▶ _EXERCISE AIM_
Give back every line of the material below exactly, but no images.

▶ _DATASET EXCERPT_

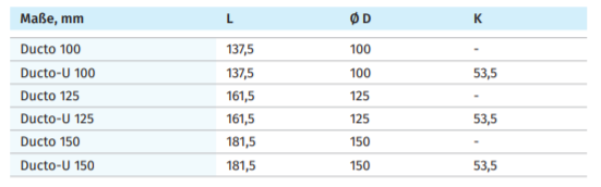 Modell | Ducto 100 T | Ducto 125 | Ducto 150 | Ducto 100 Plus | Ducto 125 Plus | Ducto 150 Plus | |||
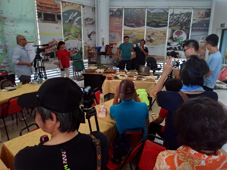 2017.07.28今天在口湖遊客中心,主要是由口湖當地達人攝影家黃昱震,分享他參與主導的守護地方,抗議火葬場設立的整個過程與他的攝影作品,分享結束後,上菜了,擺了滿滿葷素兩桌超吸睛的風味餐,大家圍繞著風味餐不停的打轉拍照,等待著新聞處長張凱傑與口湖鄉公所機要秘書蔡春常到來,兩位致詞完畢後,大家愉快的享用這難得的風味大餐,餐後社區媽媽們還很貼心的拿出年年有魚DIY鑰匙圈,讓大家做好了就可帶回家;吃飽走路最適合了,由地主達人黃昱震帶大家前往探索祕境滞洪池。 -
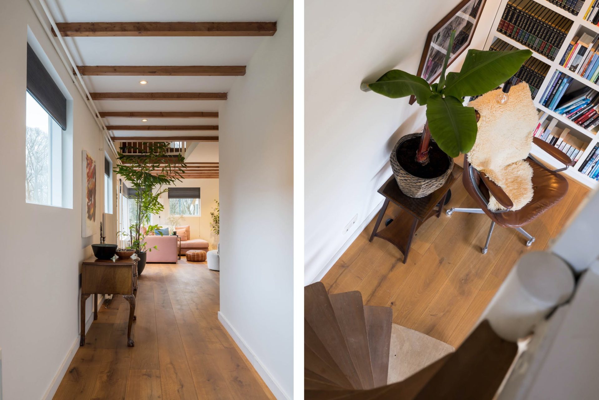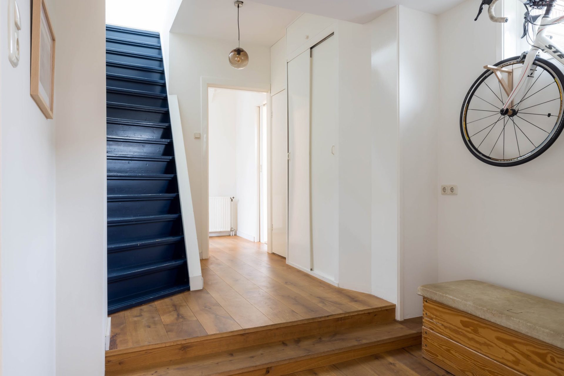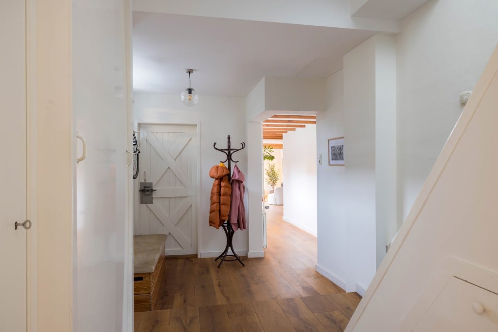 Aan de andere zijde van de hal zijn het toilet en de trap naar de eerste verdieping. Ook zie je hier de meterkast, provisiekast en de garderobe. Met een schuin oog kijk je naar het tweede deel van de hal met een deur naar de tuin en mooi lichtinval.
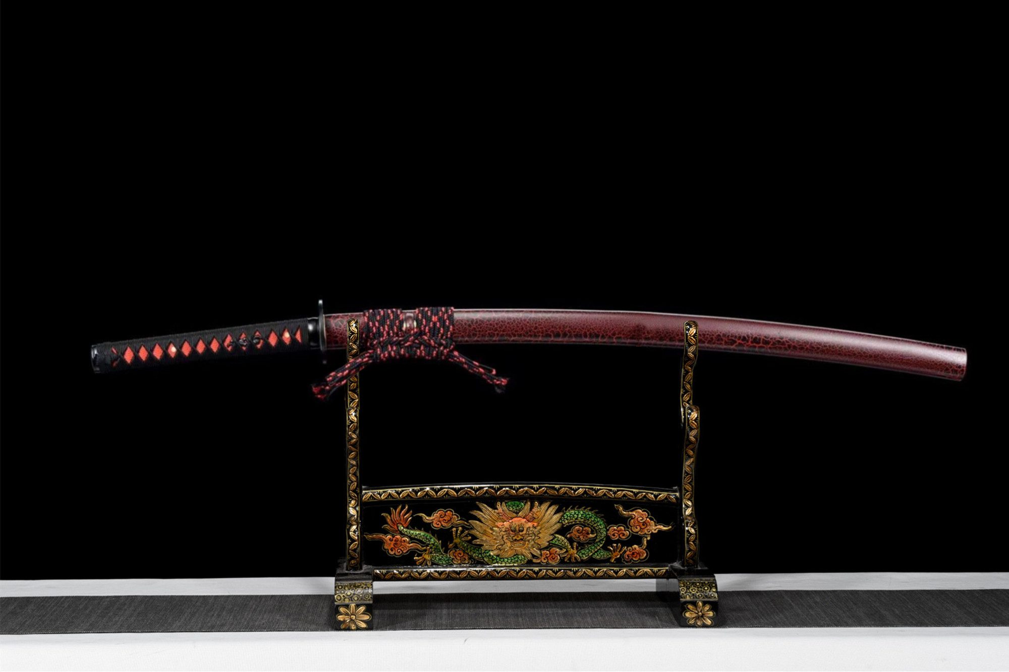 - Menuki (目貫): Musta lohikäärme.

▶ _ANSWER AREA_
 Modell | Ducto 100 T | Ducto 125 | Ducto 150 | Ducto 100 Plus | Ducto 125 Plus | Ducto 150 Plus | |||
 2017.07.28今天在口湖遊客中心,主要是由口湖當地達人攝影家黃昱震,分享他參與主導的守護地方,抗議火葬場設立的整個過程與他的攝影作品,分享結束後,上菜了,擺了滿滿葷素兩桌超吸睛的風味餐,大家圍繞著風味餐不停的打轉拍照,等待著新聞處長張凱傑與口湖鄉公所機要秘書蔡春常到來,兩位致詞完畢後,大家愉快的享用這難得的風味大餐,餐後社區媽媽們還很貼心的拿出年年有魚DIY鑰匙圈,讓大家做好了就可帶回家;吃飽走路最適合了,由地主達人黃昱震帶大家前往探索祕境滞洪池。 -
 Aan de andere zijde van de hal zijn het toilet en de trap naar de eerste verdieping. Ook zie je hier de meterkast, provisiekast en de garderobe. Met een schuin oog kijk je naar het tweede deel van de hal met een deur naar de tuin en mooi lichtinval.
 - Menuki (目貫): Musta lohikäärme.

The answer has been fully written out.